Ce texte était publié dans
Carcassonne, un petit livret édité par Electric Unicorn
avec photos et collages de Stephan Eicher
Carcassonne, Hôtel de la Cité, 2 h. du matin.
Je
ne me souviens jamais du numéro de sa chambre. Je n'ai qu'à
suivre les câbles déroulés dans les couloirs, suspendus
dans la cage d'escalier et rampants sous les tapis brodés de fleurs
de lys. Parfois, ils transpercent le plancher, crèvent les plafonds
du dessous, traversent les cloisons ou rentrent par une fenêtre dont
on a brisé un carreau. Cela donne à cet hôtel un charme
étrange, une ambiance un peu trouble. L'établissement est
fermé. Le personnel est d'humeur facétieuse et se tient prêt
à vous servir une coupe de champagne à n'importe quelle heure
de la nuit.
On entend des femmes chanter, de bon matin, tandis qu'elles passent l'aspirateur.
Si elles me rencontrent la nuit, elles se proposent de m'accompagner jusqu'à
la chambre de Monsieur Eicher. Elles imaginent que je me suis perdu et me
font la conversation en me guidant le long des câbles. J'ai la douce
impression d'être là pour finir mes vieux jours. Les hôtels
de luxe sont de parfaits endroits pour mourir.
Je lui soumets cette réflexion et nous en discutons un moment.

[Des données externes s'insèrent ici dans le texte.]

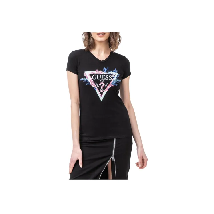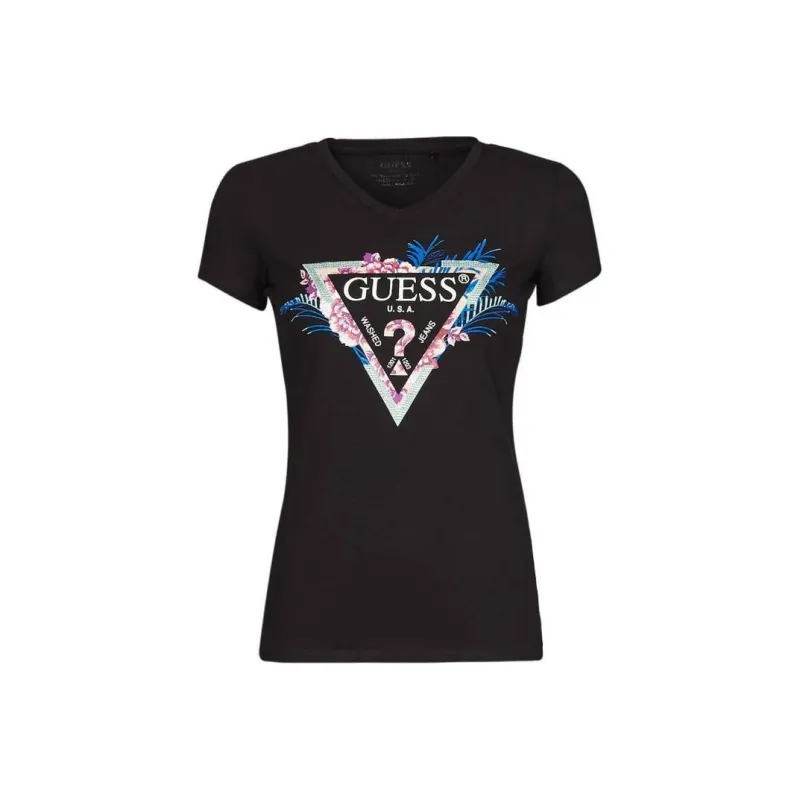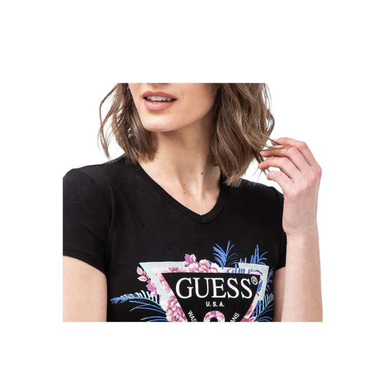 GUESS Т-рубашка с оборванным рукавом женская черная

Puis
nous parlons d'autre chose. Hier, nous avons évoqué les effets
de la Tramontane sur l'humeur des femmes, plus précisément
sur l'humeur des nôtres. Ce soir, nous allumons chacun un Cohiba et
échangeons nos impressions sur le fameux Cahier Noir de Joë
Bousquet.
Théoriquement, nous sommes là pour travailler, tous les deux.
Mais nous avons beau nous enfermer dans cette chambre et avoir tout ce qu'il
faut sous la main, nous ne trouvons jamais le temps de nous y mettre.

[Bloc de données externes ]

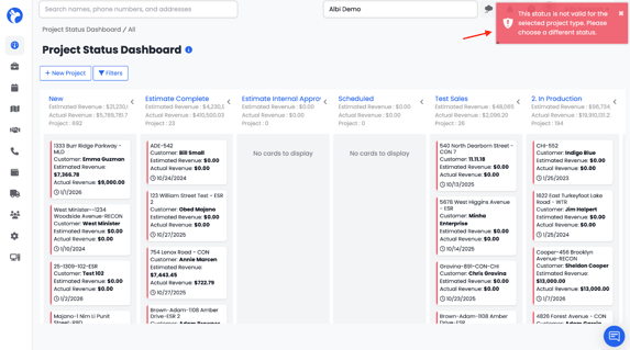 Each Project Type in Albi has its own set of allowed statuses. If a status is not enabled for that project type, the project cannot be moved into that column on the Status Dashboard.

Le matin, je me penche à ma fenêtre. Il se penche à
la sienne et nous convenons d'une longue ballade dans les environs, peut-être
Queribus, Peyrepertuse ou Aguilar ou encore Montségur si le temps
reste clair.
Quelquefois, si j'entends de la musique, je vais voir ce qu'il fabrique.

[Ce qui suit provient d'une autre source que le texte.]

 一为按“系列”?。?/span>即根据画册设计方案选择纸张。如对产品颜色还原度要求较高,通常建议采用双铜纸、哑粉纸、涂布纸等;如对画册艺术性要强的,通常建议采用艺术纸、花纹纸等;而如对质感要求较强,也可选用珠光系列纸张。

Et c'est le moment qu'il choisit pour s'accorder une pause. Il m'entraîne
à l'écart, il me dit qu'il y a des problèmes, qu'il
ne parvient pas à obtenir ce qu'il veut, qu'il se retient de ne pas
casser quelque chose. Je lui réponds que j'éprouve ce genre
de sentiments lorsque j'écris un livre et que je ne vois pas pourquoi
il aurait la vie plus facile. Surtout qu'il est plus jeune que moi.
Depuis des heures, le vent est si violent qu'il ne peut enregistrer. Selon
moi, il y en a pour des jours, mais je ne fais pas de commentaires. Il se
lève et me dit " Viens voir
Regarde là, mets ton
doigt
! " Effectivement, je sens quelque chose : un petit courant
d'air frais, de la taille d'une aiguille, qui se glisse à la jointure
d'un carreau. Nous décidons d'enregistrer les subtiles variations
de son sifflement. Cela peut toujours servir.
L'autre soir, nous avons eu des chants d'oiseaux et les cloches de l'église.
A Boston, c'était le chant des baleines et à Florence, celui
des rossignols et des rumeurs de la plazza Michelangelo. Nous n'avons jamais
réussi à travailler sérieusement, tous les deux. A
Engelberg, il me promenait dans la montagne, me forçait à
emprunter les téléphériques au fond desquels j'agonisais.
De temps en temps, nous nous regardons en souriant et commandons quelques
verres pour nous éclaircir la gorge. Nous attendons le bulletin de
la météo. Nous écoutons la musique des autres. Projetons
un pique-nique pour demain soir, au pied du château de Queribus, avec
des nappes blanches, des chandeliers, et des verres de cristal. Envisageons
d'aller enregistrer le prochain album à Santa-Fé. Cherchons
à savoir combien de temps nous tiendrons.
Quoi qu'il en soit, je considère que nos tête-à-tête
sont de la plus haute importance. D'ailleurs, lorsque je retourne à
ma chambre, ma femme allume la lumière et me demande si je ne suis
pas trop fatigué.
Philippe
Djian, in Carcassonne, février 1993 (Electric Unicorn).